Species-specific traits determine shrub-annual inte¬ra¬ctions during a growing season


Stress gradient hypothesis predicted that facilitative interactions usually increase in intensity and are importance with abiotic stress. By contrast, facilitation may be lost in time, when it involves the growth of benefactors or beneficiaries. Less is known about which response pattern is more common in arid desert. We present an empirical study to explore shrub-annual interactions at the community and individual level along the course of a single growing season in a desert steppe in northwest China. Here the severity of drought stress may increase in time due to uneven precipitation during plant growing season. We assessed growth responses of annuals in understory where two dominant shrubs were removed. Annuals responses showed a switch from weakly positive to more strongly positive beneath Calligonum mongolicum, whereas from positive to negative beneath Nitraria sp­haerocarpa during the growing season.
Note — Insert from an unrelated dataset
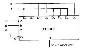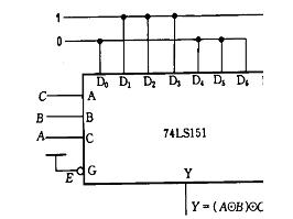 12.应用74151实现如下的逻辑功能:Y=(A⊙B)⊙C,正确的连线电路为()          (满分:2)

Additionally, annual species with contrasting functional traits showed distinct growth responses to canopies removal. There was evidence of an increase in soil moisture below the canopy of shrubs, but a decrease in potential evaporation rate and photosynthetically active radiation, which can partly explain these species-specific responses. We conclude that the balance between competitive and facilitative effects in shrub-annual interactions is not only governed by the severity of stress but also determined by plant traits, such as canopy structure of shrubs and functional traits of their understory annuals.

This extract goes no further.